In their complaint, the student activists observe that Harvard’s endowment managers are bound under UPMIIFA to three duties: “to consider the ‘charitable purpose’ of the institution in its investments, to invest with ‘prudence’, and to invest with ‘loyalty’.”
Hamilton and the students are arguing that their university’s investment in fossil fuels is decidedly imprudent, likely to prove financially disastrous in the very near term as fossil assets are increasingly stranded. Then there are the clear and present dangers that flooding and sea level rise pose to Harvard’s own campus.
As for charity and loyalty, the students “allege that by investing in industries that have led disinformation campaigns about climate change, lobbied against climate action, and sold products that threaten the prospects for ‘a more just, fair, and promising world’—as is written in Harvard’s mission statement—the school is undermining its own students’ and faculty’s work toward a sustainable future.”

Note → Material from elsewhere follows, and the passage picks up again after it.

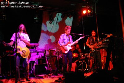 Als visuelle Unterstützung liefen im Hintergrund einige teils recht psychedelische Projektionen ab, die aber aufgrund der kleinen Bühne im Movie nur teilweise zu sehen waren. Diese Animationen, die den grafischen Stil der Alben „The Sum Of No Evil“ und „Flowerpower“ wiedergaben, passten hervorragend zur Musik.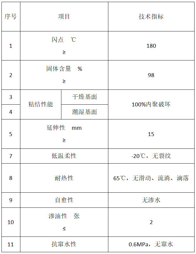 (5)耐溫、耐侯性:非固化防水膠的耐低溫性能可達到-20℃ 以下,耐高溫性能可根據(jù)不同工程的需要制作成40—90℃ 之間的任何一個高溫指標。

To date, Harvard has resisted calls to divest, notes Grist—last year, the school announced it would push for net-zero emissions across its portfolio by 2050, rather than give fossils the boot.
This amounts to a rather hazy pledge, writes Grist, since “there’s no agreed-upon definition for what net-zero means in the financial sector.” And in any case, “Harvard hasn’t yet landed on a methodology.”
As for how exposed Harvard is to Big Oil, the institution “recently disclosed that it has no direct holdings in companies that explore for or develop fossil fuels, and that its exposure to fossil fuels through indirect investments, based on available data, made up less than 2% of its portfolio at the end of 2020.”
Still, observes Grist, “with an endowment of US$41.9 billion, that’s around $838 million.”
To Ben Franta, the entry of the state’s attorney general into the fight would be game-changing. Franta, a doctoral law student at Stanford and Harvard alumnus, saw his own 2014 effort to sue the university for its fossil investments come to naught when the court ruled that students lacked the standing to launch such a claim.
“An investigation or any sort of action on this by the attorney general of Massachusetts has the potential to help shape climate investment law, for lack of a better term, across the entire country,” he told Grist. That’s because UPMIFA is a uniform law that has been adopted by 49 of 50 states—all but Pennsylvania.
The would-be plaintiffs are now waiting to hear if Healey will take up their case. Grist says a representative from the attorney general’s office confirmed receipt of the complaint but declined comment.
For Longstreth, the prudent course of action is obvious. “It doesn’t take a genius to know that the world of fossil fuels is dying, and it’s dying very fast, and it’s stupid to wait around until it’s dead before you sell your securities,” he told Grist.